For simple command-line programs, I often use something like this:

  def ask(prompt: String): Int =
    scala.io.StdIn.readLine(prompt).toIntOption match {
      case Some(n) if n > 0 => n
      case _ => ask(prompt)
    }

This will keep asking until it gets a positive integer.

Thanks for your reply, charpov. Very nice solution. However, I’d prefer a more general approach; i.e. define ask independently from how input is validated or modified. This is my current solution. Note that ask is still not working the way I want it to. Maybe someone could assist me here?

import scala.io.StdIn.readLine

object Main extends App {
     
  def defaultval: String = ""

  def prompt(question: String): String = if (defaultval.isEmpty) defaultval else readLine(s"$question: ")

  val validate: PartialFunction[Option[Int], Int] = { 
    case Some(n) if n > 0 => n 
  }

  def modify(answer: String): Int = answer.toInt

  def ask(prompt: String): Int = validate(readLine.toIntOption) andThen(modify) orElse ask(prompt)

  ask("What is your age? ")
}

Thanks, Simon

Hmm.

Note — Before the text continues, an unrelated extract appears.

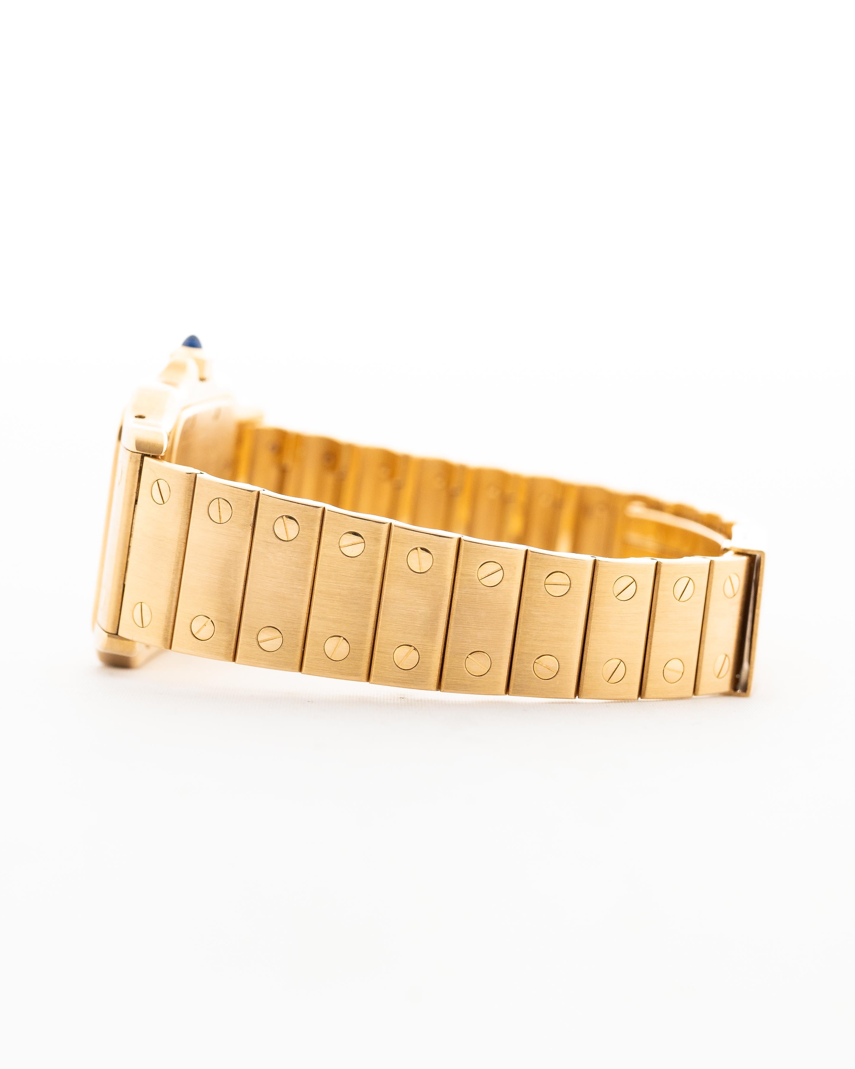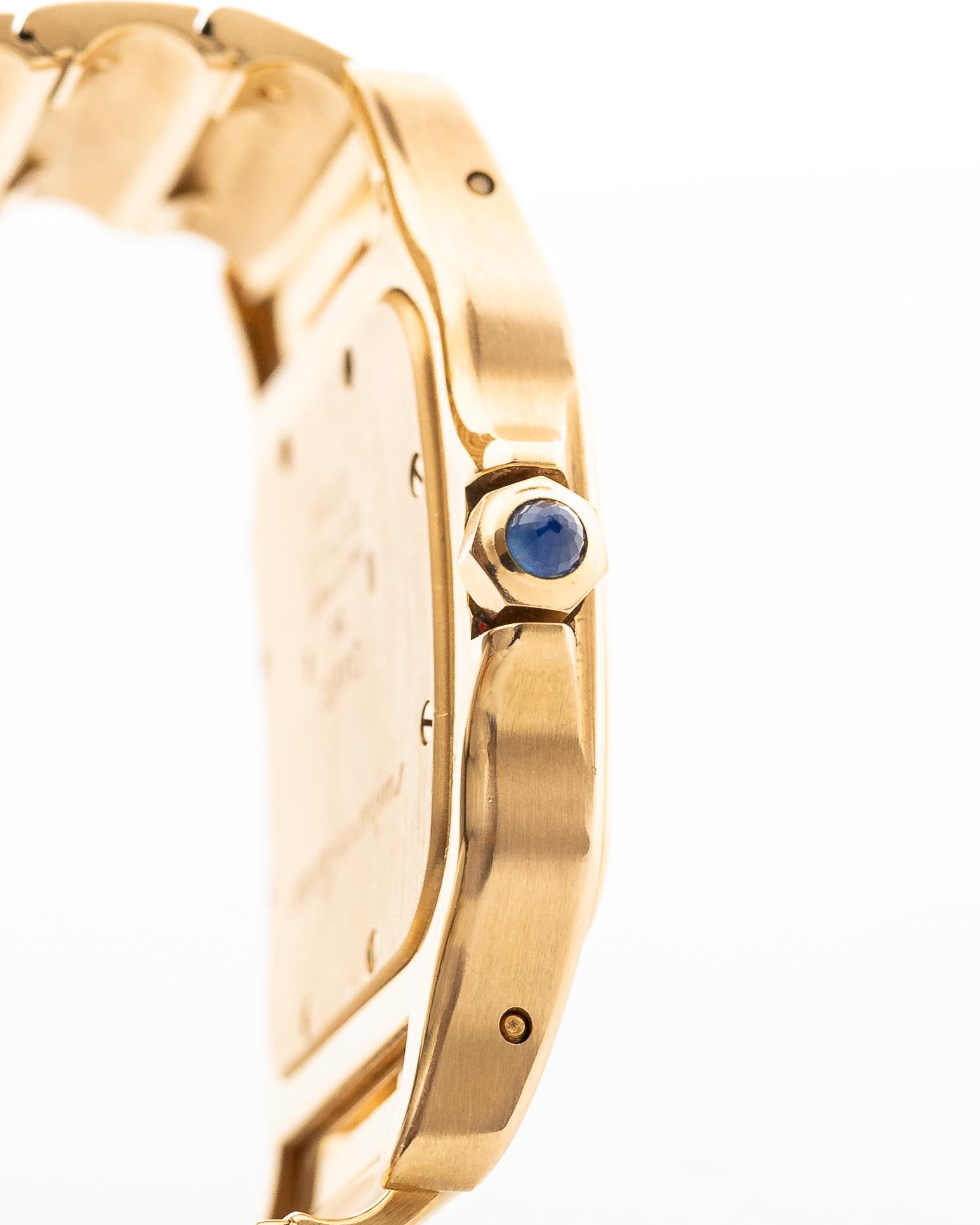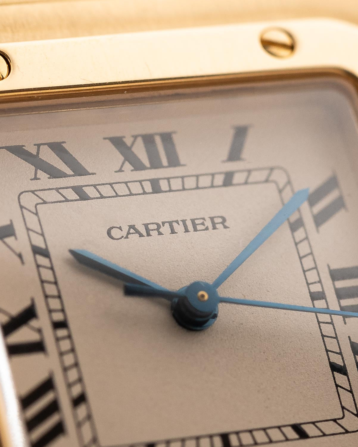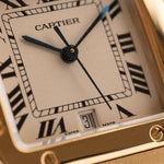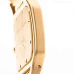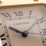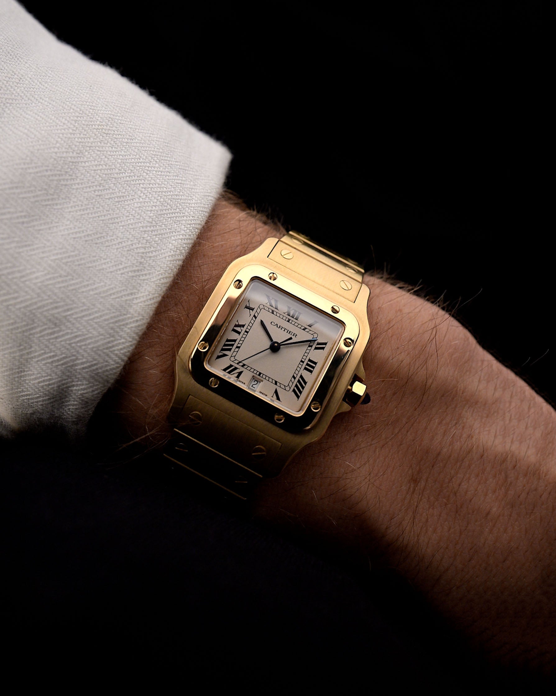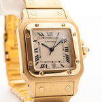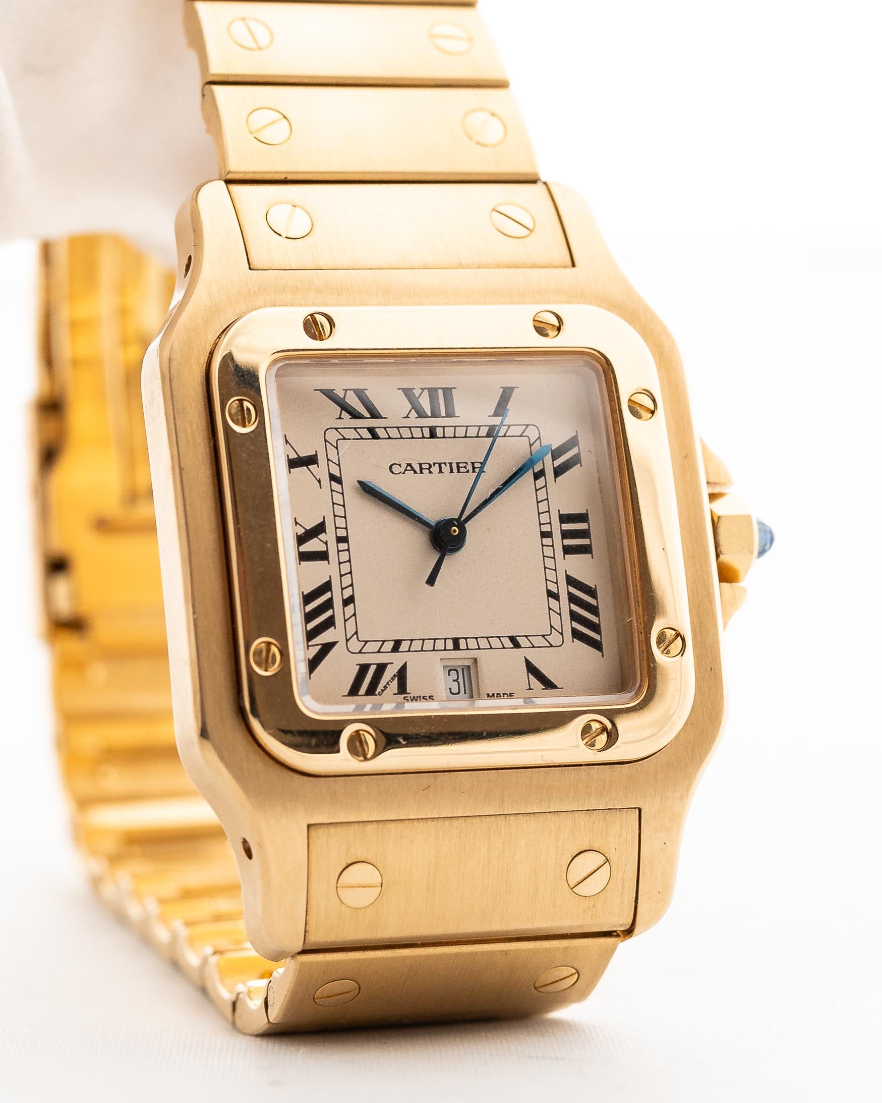 Diese massive Cartier Santos Galbée aus 18 Karat Gelbgold besticht durch ihr klassisches cremefarbenes Cartier-Zifferblatt, die gebläuten Stahlzeiger und natürlich die schwarzen römischen Ziffern.
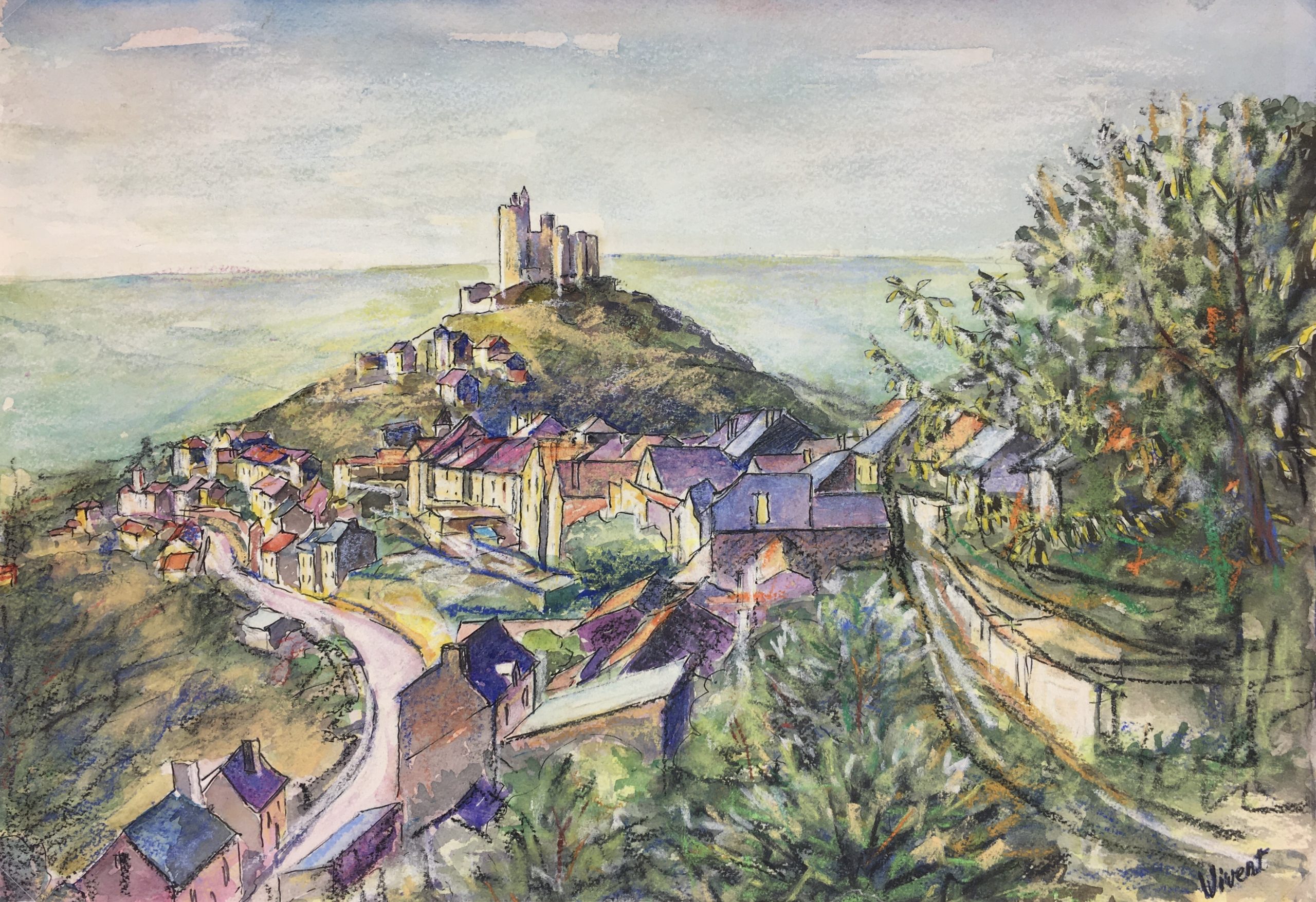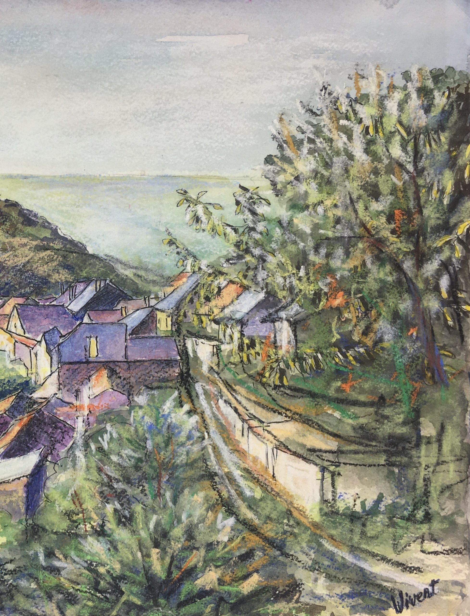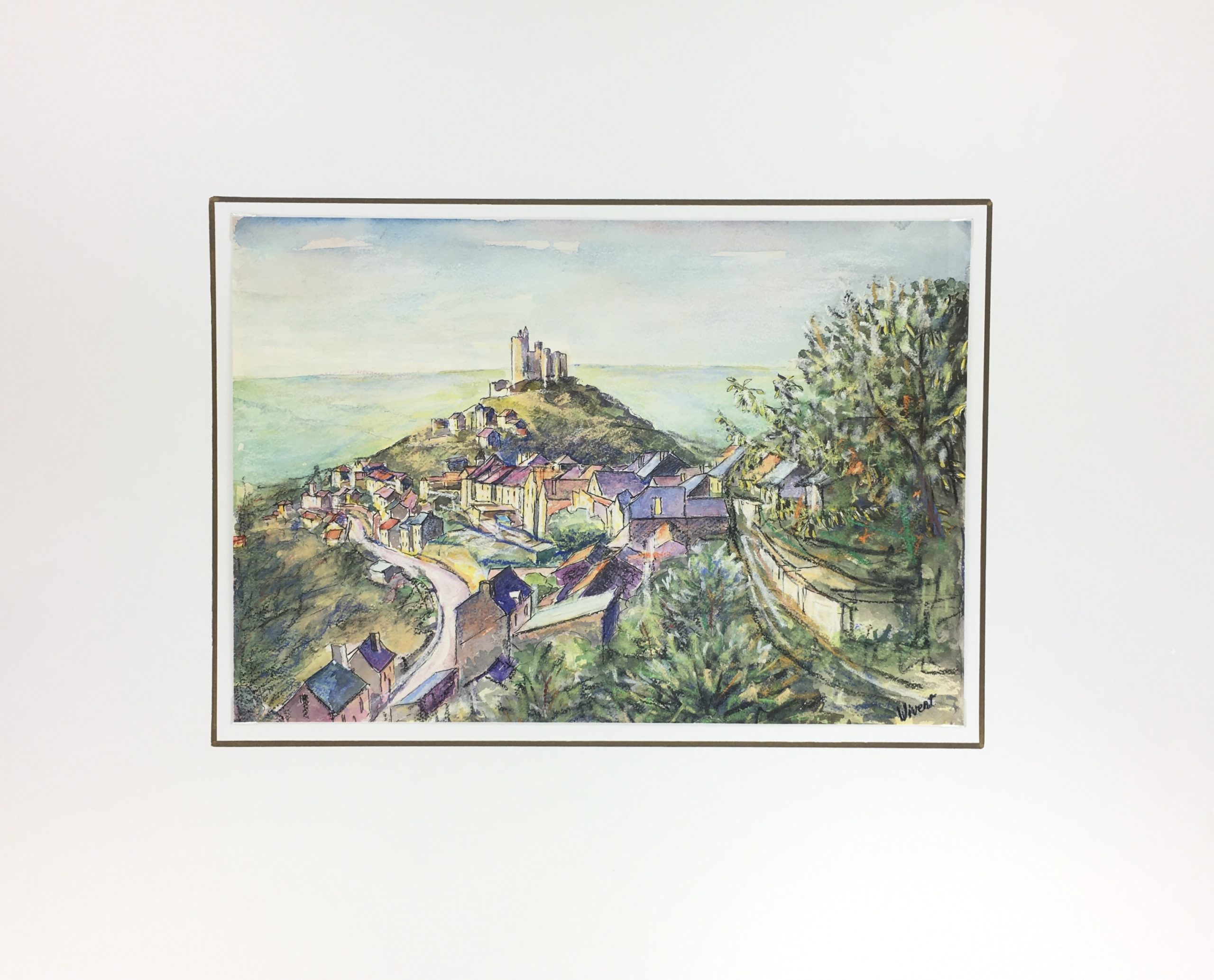 Original Art on paper displayed on a white mat with a gold border. Mat fits a standard-size frame. Archival plastic sleeve and Certificate of Authenticity included. Original Art, 11.75″W x 8.25″H; mat, 20″W x 16″H.

If that’s the case, then I’d suggest that ask() should take function parameters for those.

That said, your declarations look odd to me – in particular, validate doesn’t really make sense, and andThen is an odd way to put it together. It looks to me like you’re starting from implementations, and trying to get function signatures from there. That tends to be the wrong way around: you should usually come up with the desired function signature first, then figure out how to implement it.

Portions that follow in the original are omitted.